Although Apple's iPad stole the show in the company's latest earnings report, its iPhone is the breadwinner.
Between April 2010 and March 2012, Apple was able to secure gross margins of 49 percent to 58 percent on U.S. iPhone sales, according to Reuters, which obtained the data from court documents unsealed yesterday and filed in the U.S. District Court for the Northern District of California. Apple's iPad, on the other hand, generated gross margins of 23 percent to 32 percent between October 2010 and March 2012.
Apple does not provide gross margin figures on individual products, deciding instead to share it on a companywide level. However, the company has revealed many more details about its business in court filings, including how it generates such healthy profits.
It's worth noting that gross margins do not translate to the actual profit Apple generates off the sale of each device. Gross margin is simply the difference between the revenue Apple generates and the cost of the product. From there, other fixed and variable costs are added to the device's expenses to arrive at a final profit.

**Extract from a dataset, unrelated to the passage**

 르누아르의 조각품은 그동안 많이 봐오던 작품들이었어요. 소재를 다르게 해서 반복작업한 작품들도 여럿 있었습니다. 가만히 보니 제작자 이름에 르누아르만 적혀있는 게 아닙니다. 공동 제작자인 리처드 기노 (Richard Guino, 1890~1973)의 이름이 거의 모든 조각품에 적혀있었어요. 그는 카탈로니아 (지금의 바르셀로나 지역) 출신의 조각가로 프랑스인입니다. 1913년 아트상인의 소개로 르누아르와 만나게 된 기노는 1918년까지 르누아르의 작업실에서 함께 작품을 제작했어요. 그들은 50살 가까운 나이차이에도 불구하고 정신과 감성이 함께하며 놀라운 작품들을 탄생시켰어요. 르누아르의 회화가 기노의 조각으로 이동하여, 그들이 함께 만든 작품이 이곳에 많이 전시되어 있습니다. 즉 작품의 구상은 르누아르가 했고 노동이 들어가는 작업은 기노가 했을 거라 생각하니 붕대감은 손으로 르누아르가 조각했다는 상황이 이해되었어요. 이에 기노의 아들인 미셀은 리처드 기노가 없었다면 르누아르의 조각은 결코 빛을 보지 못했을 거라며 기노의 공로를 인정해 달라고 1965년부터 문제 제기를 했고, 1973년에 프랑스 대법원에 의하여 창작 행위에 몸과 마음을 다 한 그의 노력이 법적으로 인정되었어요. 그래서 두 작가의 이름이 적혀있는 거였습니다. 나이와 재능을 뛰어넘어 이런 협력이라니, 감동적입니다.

On a companywide scale, Apple's margins are similarly impressive. During the company's last-reported quarter, ended June 30, its gross margin came in at $15 billion, representing about 43 percent of its revenue. In other words, aside from iPhones and iPads, its margins across its entire product line appear to be quite high.

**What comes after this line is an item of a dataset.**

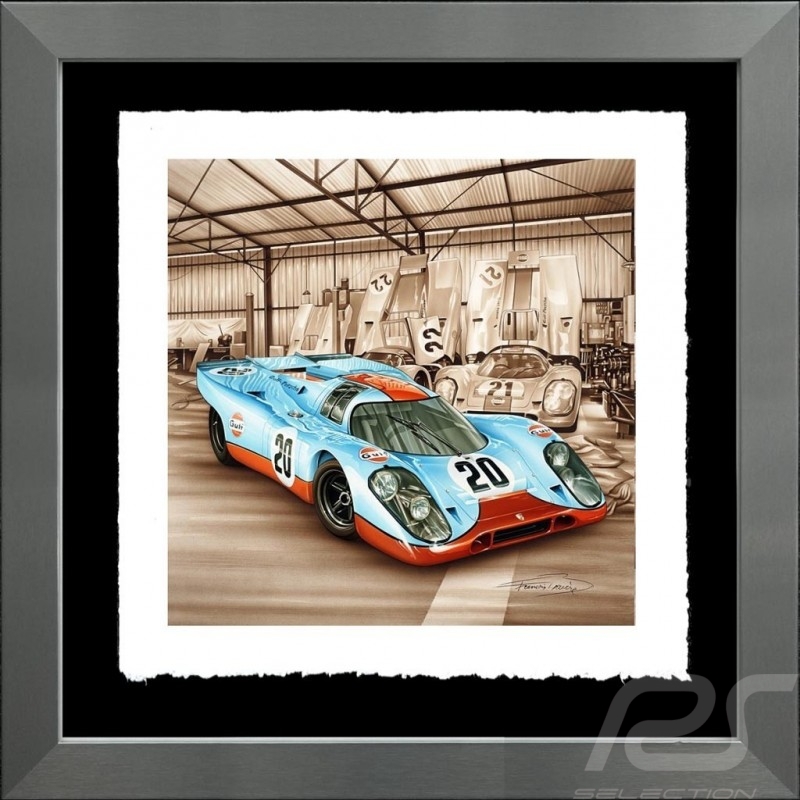 Porsche Poster 917 K Le Mans 1970 n° 20 Gulf Cadre aluminium François Bruère - VA107

From there, Apple has been able to keep its costs down, providing for extremely high profits. Earlier this week, the company reported an $8.8 billion profit on its $35 billion in revenue. Both figures were up over the $28.6 billion in revenue and $7.3 billion profit Apple generated during the same period last year.
And as for those devices? Apple sold a record 17 million iPads during the last quarter, and a whopping 26 million iPhones.